DIRECTIONS FOR THIS TASK >>
Retype each line of the data below exactly, beginning with the first and ending with the one that contains "2014年6月5日下午,市政". Pictures do not belong in the copy.

[Dataset records]
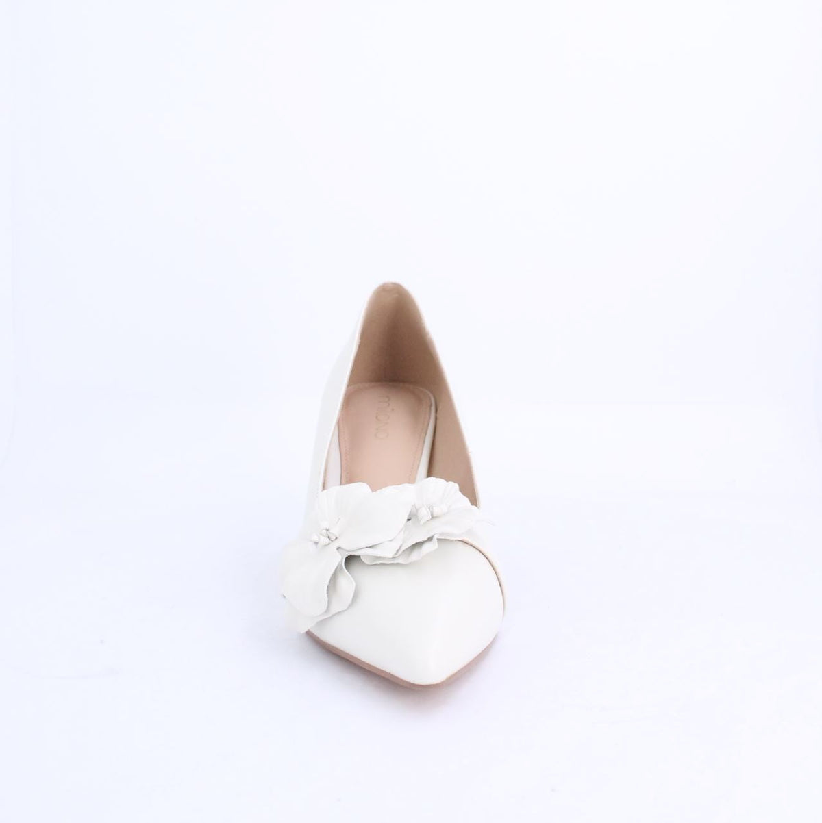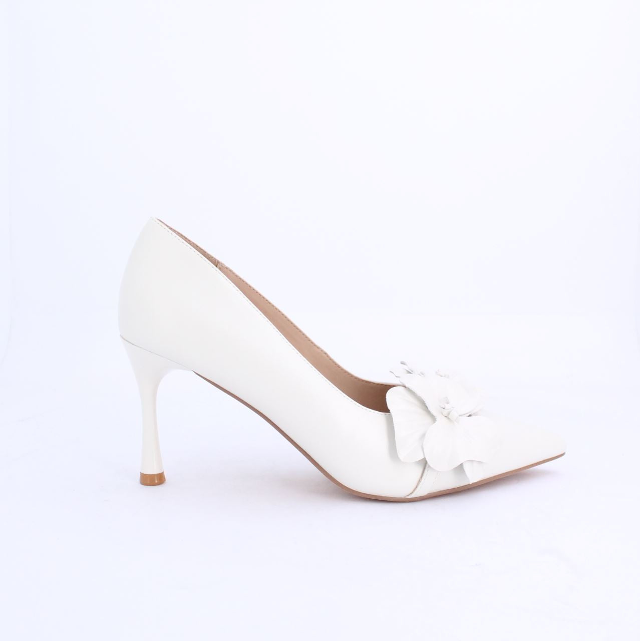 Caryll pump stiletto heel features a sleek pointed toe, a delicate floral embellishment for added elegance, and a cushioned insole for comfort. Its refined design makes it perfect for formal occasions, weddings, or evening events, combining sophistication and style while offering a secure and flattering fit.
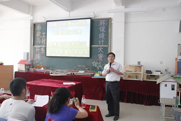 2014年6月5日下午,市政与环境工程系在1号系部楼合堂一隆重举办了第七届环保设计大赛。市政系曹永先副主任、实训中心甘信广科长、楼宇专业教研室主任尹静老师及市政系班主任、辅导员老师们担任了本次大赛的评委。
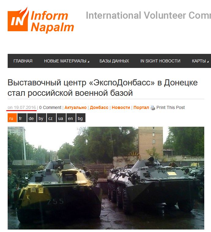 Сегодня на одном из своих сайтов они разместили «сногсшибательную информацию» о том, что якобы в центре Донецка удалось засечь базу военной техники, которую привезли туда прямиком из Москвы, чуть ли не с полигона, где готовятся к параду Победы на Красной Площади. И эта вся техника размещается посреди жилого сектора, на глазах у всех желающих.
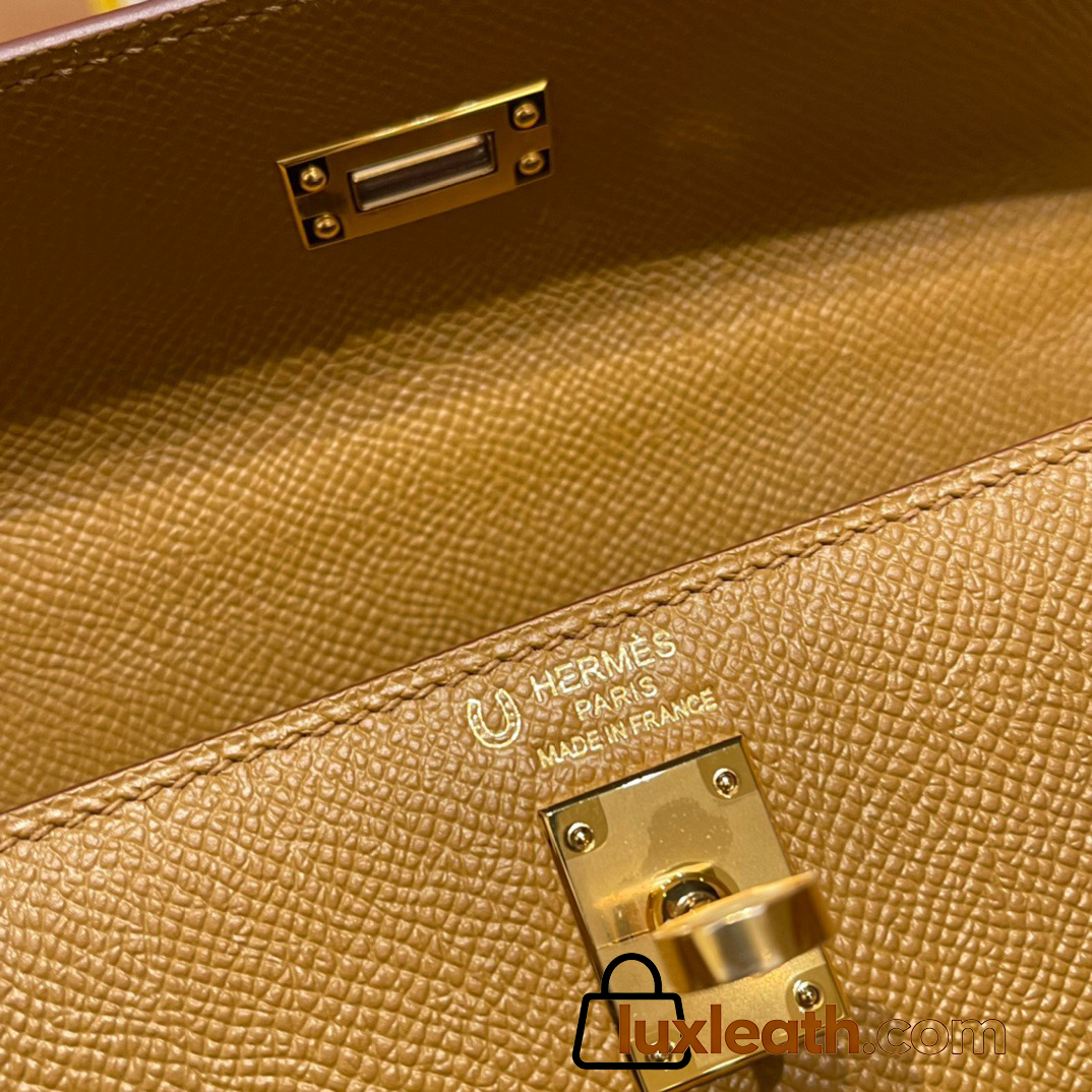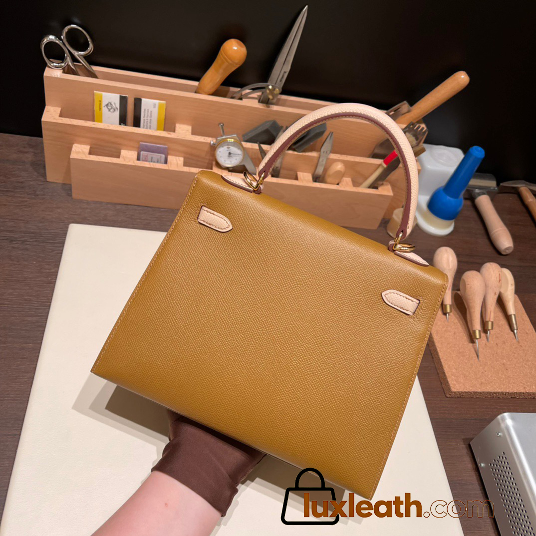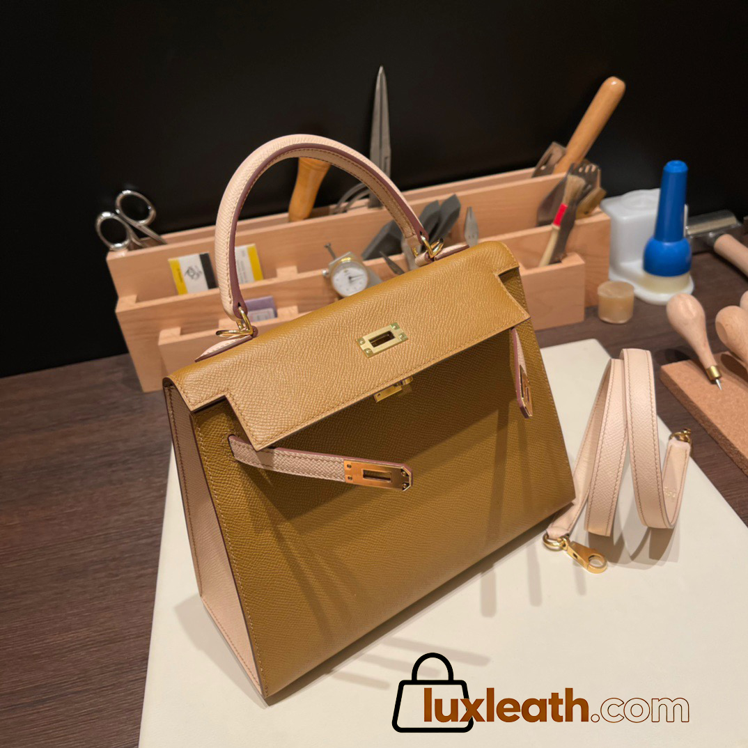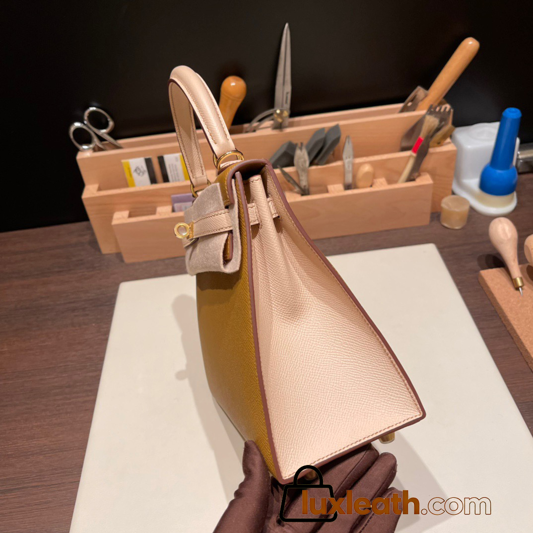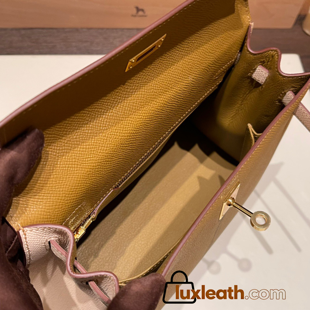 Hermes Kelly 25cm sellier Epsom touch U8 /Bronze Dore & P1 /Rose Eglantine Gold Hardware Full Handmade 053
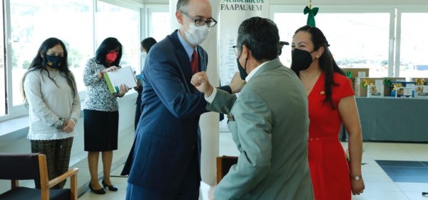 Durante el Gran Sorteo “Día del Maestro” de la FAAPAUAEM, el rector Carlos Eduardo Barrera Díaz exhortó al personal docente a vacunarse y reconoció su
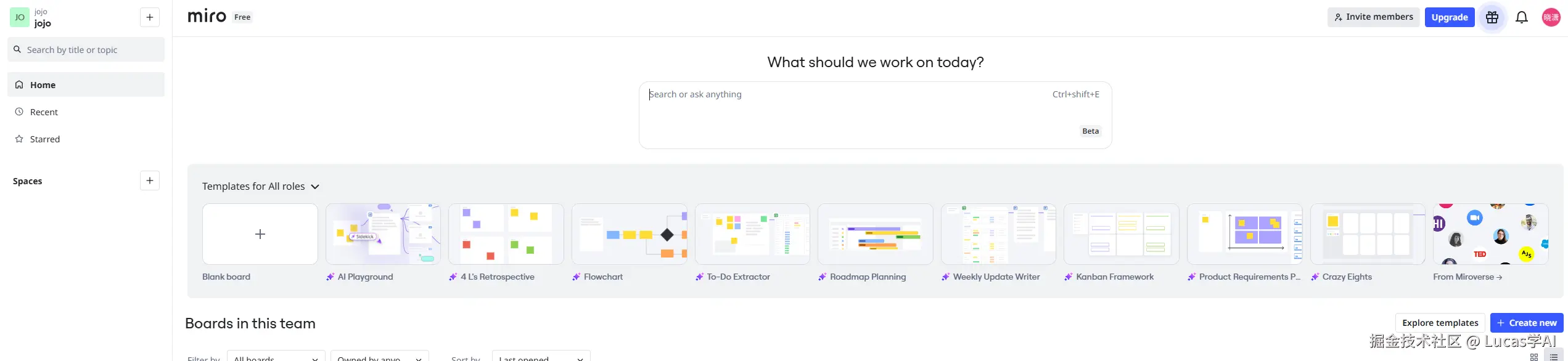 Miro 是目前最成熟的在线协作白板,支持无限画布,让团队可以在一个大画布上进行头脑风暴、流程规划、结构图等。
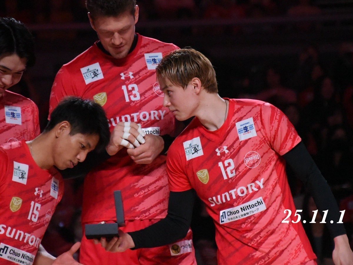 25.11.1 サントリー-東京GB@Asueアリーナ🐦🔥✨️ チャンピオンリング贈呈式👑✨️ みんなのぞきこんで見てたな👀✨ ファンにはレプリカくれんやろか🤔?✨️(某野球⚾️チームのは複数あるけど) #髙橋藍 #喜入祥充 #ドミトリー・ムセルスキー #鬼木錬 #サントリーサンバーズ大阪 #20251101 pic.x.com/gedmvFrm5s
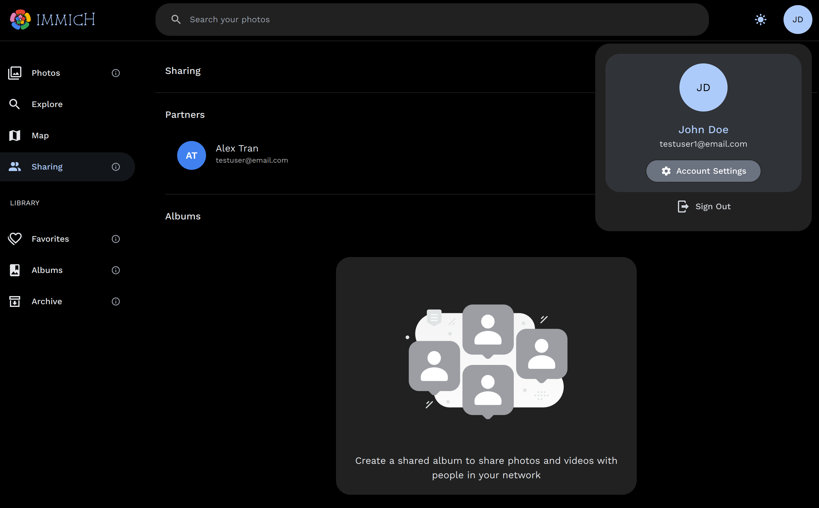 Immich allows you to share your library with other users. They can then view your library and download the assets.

EXPECTED OUTPUT >>
 Caryll pump stiletto heel features a sleek pointed toe, a delicate floral embellishment for added elegance, and a cushioned insole for comfort. Its refined design makes it perfect for formal occasions, weddings, or evening events, combining sophistication and style while offering a secure and flattering fit.
 2014年6月5日下午,市政与环境工程系在1号系部楼合堂一隆重举办了第七届环保设计大赛。市政系曹永先副主任、实训中心甘信广科长、楼宇专业教研室主任尹静老师及市政系班主任、辅导员老师们担任了本次大赛的评委。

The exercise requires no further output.